The order lifecycle required a formal state machine rather than ad-hoc status updates.

Context: Order status transitions have business rules — an order can’t be shipped before it’s confirmed, a delivered order can’t be cancelled, a refund requires the order to be in a specific state. Ad-hoc string-based status fields invite invalid transitions.

Decision: Implement a state machine using enum states with explicit transition validation.

Rationale: The state machine makes invalid transitions impossible at the type level. Each transition is a method that checks the current state, applies the transition, and publishes the corresponding event. The method returns Result<Order, OrderError>, so invalid transitions produce a clear error rather than silently corrupting data.

Consequences: Adding a new state (e.g., “Refund Requested”) requires updating the state enum, adding transition methods, and defining new events.
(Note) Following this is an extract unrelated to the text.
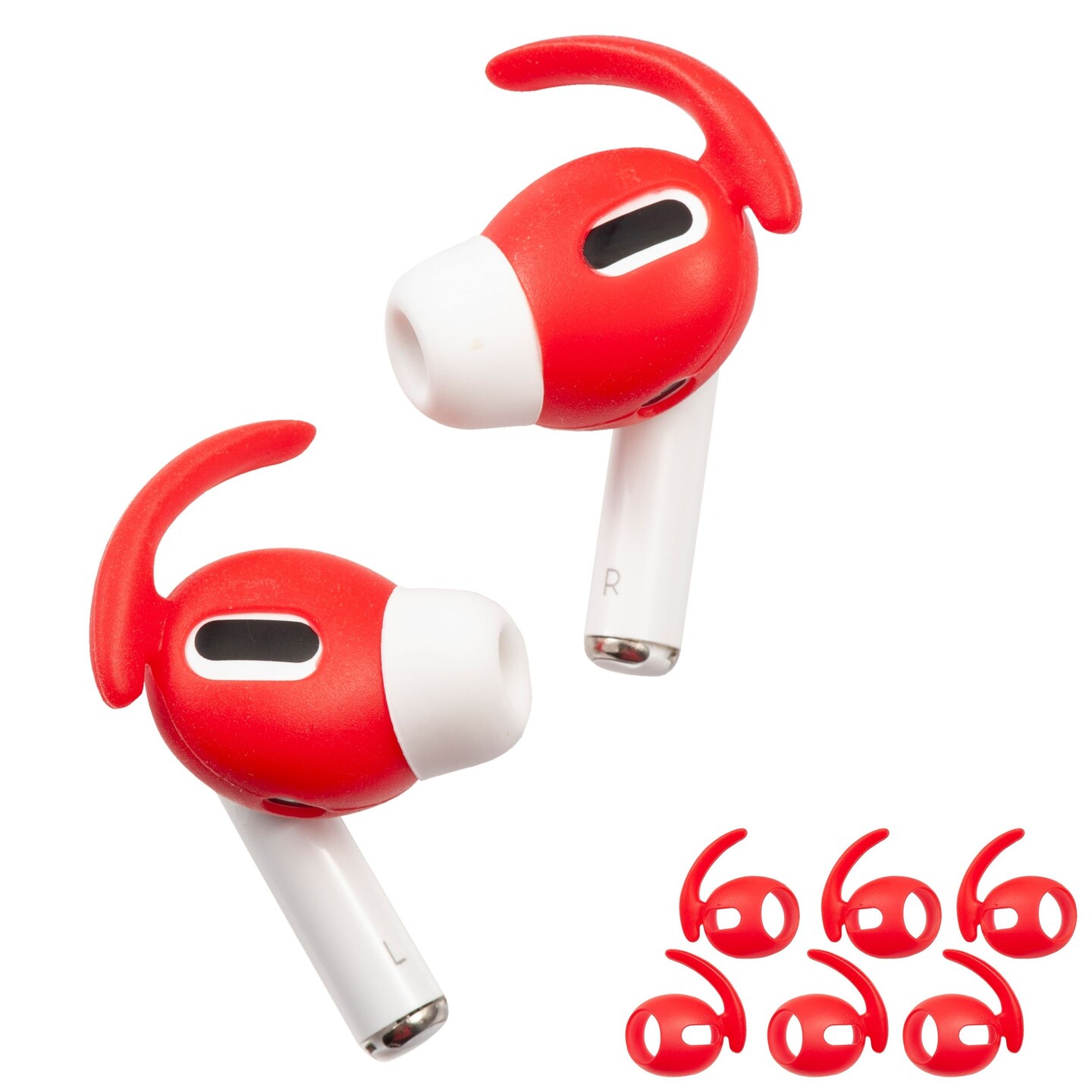Insten 3 Pairs Ear Hooks Compatible with AirPods Pro 2019 Earbuds, Anti-Lost EarHooks Accessories, Comfortable Soft Silicone Covers, with Storage Box (Not Fit in Charging Case) Red

This is intentionally high-ceremony — order state changes have financial implications and should require deliberate implementation.

stateDiagram-v2
    [*] --> Created
    Created --> Confirmed: confirm()
    Created --> Cancelled: cancel()
    Confirmed --> Shipped: ship()
    Confirmed --> Cancelled: cancel()
    Shipped --> Delivered: deliver()
    Delivered --> Completed: complete()

We also decided to snapshot the cart at checkout rather than referencing live cart data:

Context: The order needs to record exactly what the customer purchased, at what price. If the order referenced the cart (which is in Redis), a price change or product removal after checkout would retroactively change the order.

Decision: At checkout, copy cart items into OrderItem records with frozen prices.

Rationale: Order records must be immutable after creation. The price the customer saw is the price they pay. This also means cart data can be cleaned up immediately after checkout without affecting the order.

Consequences: Slight data duplication (product name and price stored in both catalog and order). This is intentional — the order is a historical record, not a live view.

What We Built

OrderService

The order service is the third and final commerce service. It follows the same patterns: Minimal API endpoints, Result<T, OrderError> return types, ROP pipelines, and the three-layer error model.

The checkout endpoint is the most interesting — it chains together cart retrieval, validation, order creation, event publishing, and cart cleanup in a single ROP pipeline:

private static async Task<IResult> CheckoutAsync(
    [AsParameters] CheckoutParams p)
{
    return await p.CartService.GetCartAsync(p.UserId)
        .Bind(cart => ValidateCartNotEmpty(cart))
        .Map(cart => SnapshotCartToOrder(cart, p.UserId))
        .TapAsync(order => p.DbContext.Orders.AddAsync(order))
        .TapAsync(_ => p.DbContext.SaveChangesAsync())
        .TapAsync(order => PublishOrderCreatedEvent(order, p.Outbox))
        .TapAsync(_ => p.CartService.ClearCartAsync(p.UserId))
        .Tap(order => p.Logger.LogOrderCreated(order.Id, p.UserId))
        .Map(order => new OrderResponse(order.Id, order.Status, order.Total))
        .ToHttpResult();
}

If the cart is empty, ValidateCartNotEmpty returns CartEmpty error and the entire pipeline short-circuits — no order is created, no events are published, no cart is cleared. The ROP pattern makes this explicit without nested if blocks.

Order State Machine

State transitions are methods on the Order entity that return Result<Order, OrderError>. Invalid transitions are rejected with a typed error:

// ...
public Result<Order, OrderError> Confirm()
{
    if (Status != OrderStatus.Created)
        return OrderError.InvalidTransition(Status, OrderStatus.Confirmed);

    Status = OrderStatus.Confirmed;
    ConfirmedAt = DateTime.UtcNow;
    return this;
}

public Result<Order, OrderError> Ship(string trackingNumber)
{
    if (Status != OrderStatus.Confirmed)
        return OrderError.InvalidTransition(Status, OrderStatus.Shipped);

    Status = OrderStatus.Shipped;
    TrackingNumber = trackingNumber;
    ShippedAt = DateTime.UtcNow;
    return this;
}
// ...

Each transition method publishes a corresponding event via the outbox: order.confirmed, order.shipped, order.delivered. The EmailWorker subscribes to order.confirmed and sends an order confirmation email with the order summary, using the customer’s preferred language.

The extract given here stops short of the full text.